The world is on fire, and the FBI is chasing torrent users...
Human lives don't matter to the rich. MONEY is their GOD. That is why Apple protects terrorists and goes after copyright infringement.
Torrent sites don't even host copyrighted material or actually copy anything (i.e. how do you break a copyright law without copying anything?). They link you to other torrent users just like Google links you to the torrent sites (but they don't go after Google, of course). But I'm sure those right-wing "protect your Constitutional Rights only and don't legislate from the bench" judges will see you can't break a copyright if you don't copy anything. Oh wait. MONEY is involved. There goes the law rewritten at the bench to suit their interests (as it's easier to go after the host of the site than MILLIONS of users).
The real reason ticket sales are down is because movies SUCK these days and ticket costs are through the roof! It cost me $34 for two tickets in the evening last week without $7 drinks or $10 buckets of popcorn (tip; eat before the movie, not after). It had surcharges for "XD" sound (when did they ever charge more to watch a movie in DTS in the '90s???) and "REAL 3D" (god, no one even wanted to see 3D in the '80s; Jaws 3D flopped). Everything is either a remake (which are almost always worse than the original), a sequel (same problem; rarely as good) or a comic book movie (getting old as that's all that comes out it seems). Then 2-4 months later, you can buy it on BluRay for $10-20 (and $5-8 a couple of years later). I can see why in the early days of BluRay people might settle for some crappy digital download of dubious quality when BluRays were $30+ a movie, but when you can get older movies for $4 on BluRay in many cases, I don't see the attraction. Netflix will stream you thousands of crappy b-movies for $10 a month and those b-movies are probably no worse than "blockbusters" like Independence Day II (yawn).

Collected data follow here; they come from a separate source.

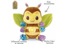 Les ailes marionnettes et le bouton Cœur lumineux permettent une interaction amusante. Différentes matières et textures encouragent le développement sensoriel de bébé : papier bruissant, velours, éponge, broderies,...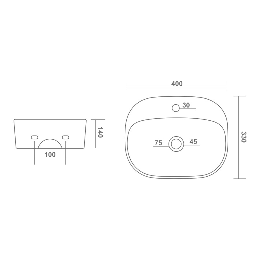 L - 400 W - 330 H - 140mm (16"x13"x6")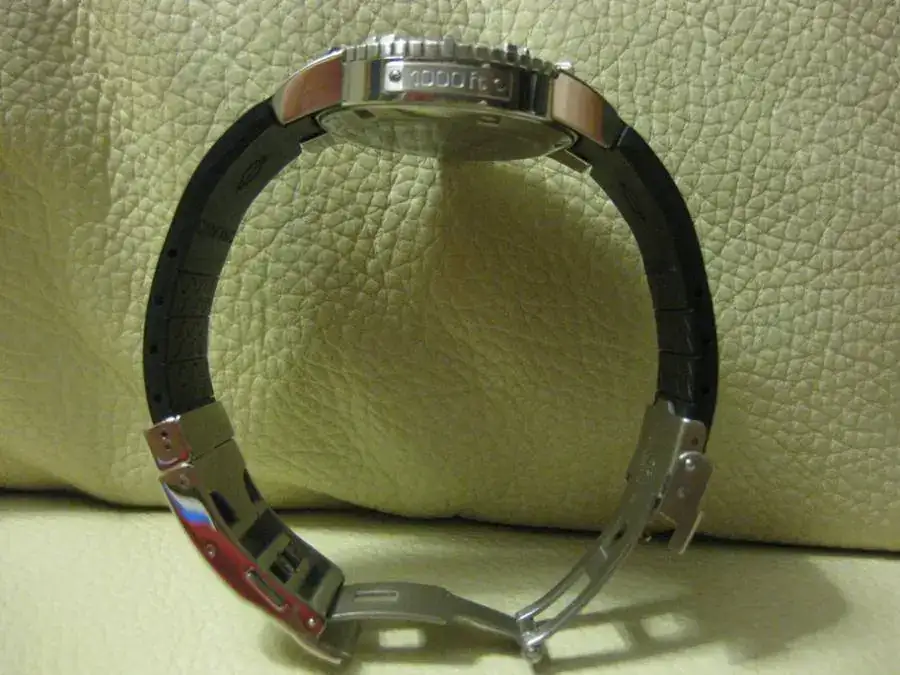 Correa de caucho con cierre deployante con extensión para buceo. NOTA:La correa está cortada para una muñeca de 17-17.5 cm aprox. de diámetro.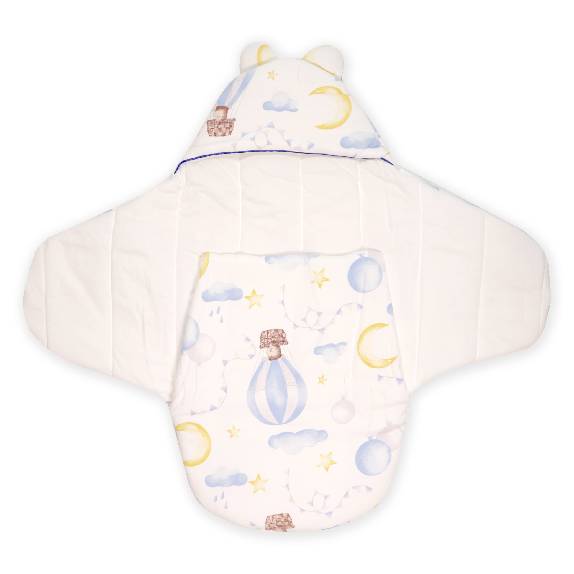 Use it either at home or when travelling, this puffed up mattress can be used as a Sleeping Bag or a Carry Nest for your busy days, so that the baby remains snug and warm. Equipped with a a string harness, this Sleep Nest is a must have for your baby sleep and comfort needs.
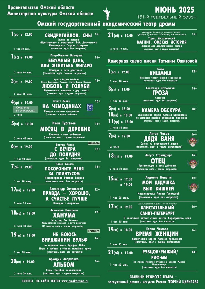 Дорогие зрители! Поздравляем вас с наступлением долгожданного лета! До закрытия 151-го театрального сезона в Омском академическом ровно месяц. Приглашаем вас увидеть премьеры сезона и полюбившиеся постановки в июне! Сохраняйте афишу и выбирайте спектакль для просмотра на свой вкус! Билеты вы найдете в театральных кассах и на сайте omskdrama.ru. Все спектакли участвуют в программе "Пушкинская карта". #омскдрама151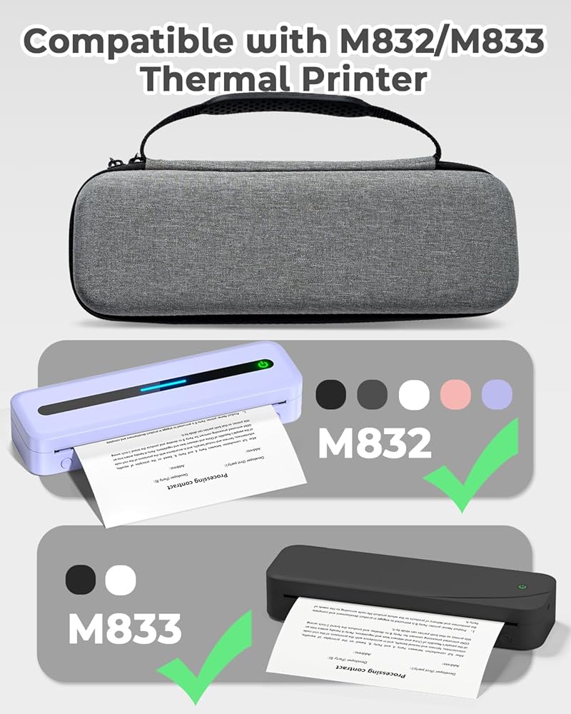 Fit for Your Portable Thermal Printers: Specifically designed to accommodate M832, M833, M834 or M835 portable printer, its dimensions of 10.62" x 3.54" x 3.54" externally and 10.43'' x 2.92'' x 3.14'' internally ensure a snug and secure fit. This bag offers ultimate protection during storage and transportation
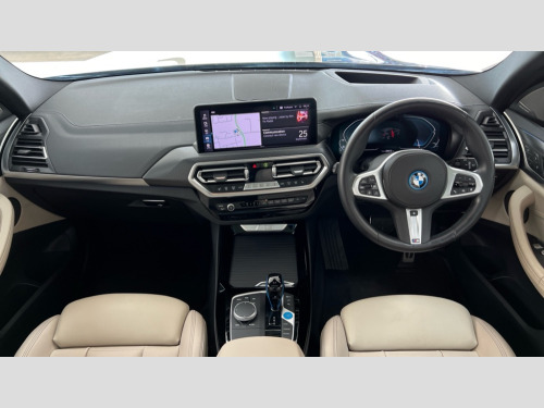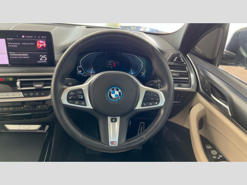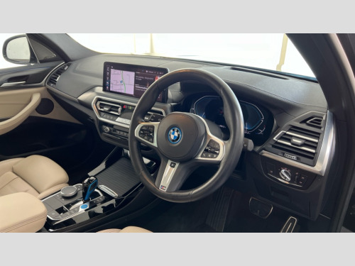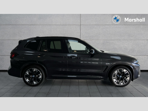 BMW Ix3 210kW M Sport Pro 80kWh 5dr Auto Active guard plus incl speed limit assist, lane departure warning with steering impulse and front collision warning with brake intervention, Apple car play and Android auto, Attentiveness assist, Automatic tailgate operation with remote opening and closing by key, opening distance adjustable with iDrive controller, BMW Drive recorder, BMW gesture control, BMW iDrive, BMW Live Cockpit Professional with 12.3" instrument display + 12.3" high resolution centre display nav function and Intelligent Voice Assistant, BMW Online services, BMW Teleservices, Brake pad wear indicator, Check control system, Comfort access system with smart opener, Condition based service - BMW service history, electronic service booklet, integrated owner's handbook, ConnectedDrive Services, Cruise control with brake function + speed limiter, Driving experience switch, Enhanced bluetooth with wireless charging, Front/rear Parking distance control, Head up Display, Language version English, Lateral parking aid, Parking assistant plus with 360 degree surround view camera system and remote 3D view, PAS, Personal Profile, Reversing assistant, Run flat indicator, Servotronic system, Start/stop button in blue, Wi-Fi hotspot, Widescreen display, Double joint spring strut front axle, eDrive exterior sound, Gear selector switch with toggle operation, Mode 2 flexible charger, Mode 3 charging cable 22kW, Multiple control arm rear axle, Safety battery terminal clamp, 2x USB sockets in front, BMW iconic sound electric, DAB radio, Harman/Kardon surround sound audio system, Acoustic front side windows, Acoustic windscreen, Air breathers with BMW i logo, Automatic headlights, Black kidney frame, Blue ring around BMW logos, BMW i badge on the kidney grille, BMW Individual high gloss shadow line with extended contents, Body colour door handles, Body coloured bumpers, Dynamic brake lights, Electric windows with trap release and convenient opening/closing feature, Extended high gloss shadow line exterior trim, Exterior mirror housing finished in body colour, Exterior mirrors electrically adjustable, foldable, heated with memory, auto-dimming drivers side and aspherical on passengers side, Follow me home headlight function, Front and rear bumper system with replaceable deformation elements, Full LED rear lights, Green tinted heat protection glazing glass, Headlight beam throw control, Heated washer jets, High beam assistant, High gloss black shadow line roof rails, High gloss shadowline exterior trim, Integrated direction indicators, LED third brake light, M aerodynamic exterior, M badging on the front side (left and right), M design rear apron with high-gloss black inlays with Frozen grey trim panel, M Sport entry door sill strips, M Sport front bumper with iX3 specific design with blue contents, Metallic paint, Mirror base in black matt, Model logo on left tailgate, Model specific design elements - Frozen grey decorative elements and pearl chrome decorative strip, Panoramic glass sunroof, two parts, electric actuation, sliding function, wind deflector, sun protection with floating headliner, Rain sensor and automatic driving lights control, Rear diffuser in Blue, Rear side wing doors, Rear wiper, Reversing light, Sun protection glass, Visible VIN plate, Welcome lighting, 12V power socket in front centre console, 2 cupholders in front centre console, 3 zone automatic air conditioning, 4 way electrically adjustable lumbar support for drivers seat, 40:20:40 split folding 3 bench rear seats in 2nd row, 6 pre-defined selectable light designs in various colours with contour and ambient lighting, Ambient centre stack lighting, Ambient instrument panel lighting, Ambient light design projected onto the left and right entering and exiting area, Anthracite headlining, Blue accent around the logo on the steering wheel, Centre console storage tray, Contour lighting front and rear door trim panel, Driver and front passenger heated seats, Driver seat backrest width adjustment, Driver/passenger sunvisors with ticket holders + vanity mirrors, Floor mats in velour, Front and rear ambient footwell lighting, Front and rear door pockets with bottle holders, Front and rear headrests, Front armrest integrated in door trim with centre console includes storage compartment, Front Sports electric seats with Driver's side electric backrest width adjustment and memory, Glove compartment, Heated steering wheel, Height and length steering column adjustment, Isofix rear child seat preparation, Lashing eyelets in luggage compartment, LED ambient lighting, Luggage compartment lighting, Luggage net, M sport leather steering wheel, Multifunctional sport seats for driver and front passenger, Presetting of ambient lighting in BMW iblue, Rear centre armrest with 2 cupholders, Seat backrest adjustment for rear seat, Single front passenger seat, Vernasca leather upholstery, Connected pro pack - iX3, Driving assistant professional package - iX3, Extended storage pack - iX3, Interior and exterior mirror pack - iX3, Non-smoker package, ABS/EBD, Active protection, Airbags - driver and front passenger, BMW emergency call, Brake energy regeneration, Child proof locking system in rear door, Cornering brake control (CBC), Crash sensor - Activation of airbags, hazard warning lights, battery safety cut-off and interior lighting + deactivation of fuel pump, Driver and passenger side airbags, DSTC-Dynamic Stability and Traction Control, Electromechanical parking brake, Front and rear brake discs with interior ventilation, Head airbags for first and second row seats, M Sport seat belts, Recuperation system, Side impact protection, Three point seatbelts to all seats with front and outer rear pyrotechnic belt tensioners and seat belt force limiters, Two tone horn, Tyre pressure monitoring system, Warning triangle, Alarm system with emergency power siren, Alarm system with interruption of battery voltage, acoustic alarm, activation of hazard warning li

There's very little "new" out there and having lots of explosions (particularly cheesy CGI ones) is no substitute for a good plot, great dialogue and captivating actors. What did "The Desperate Hours" cost to make in the mid 1950s with Bogart? About $2.4 million. Even in today's money that would be around $22 million, 1/10 of typical Hollywood budgets and I dare say that movie was far more enjoyable than most movies I've seen made in the past decade. That trend is echoed by CEOs who now make 100x what their counterparts did back then even WITH inflation. The rich get richer and the poor get raked over. It's the American way. And now with Windows 10, Microsoft ensures your happiness by reporting everything you do straight to the FBI, CIA and NSA so they can deduct that torrent movie price directly from your pay check. It looks like Apple is getting ready to follow suit.
Torrenting a movie is worse than storing TS/SCI information in a server in a bathroom?
Anything involving MONEY or even the perception of the loss of money is 1000x worse than everything else combined. A certain secretary of state putting top secret information on a server is nothing to worry about, but someone copying a Mickey Mouse cartoon from the 1920s must go to jail!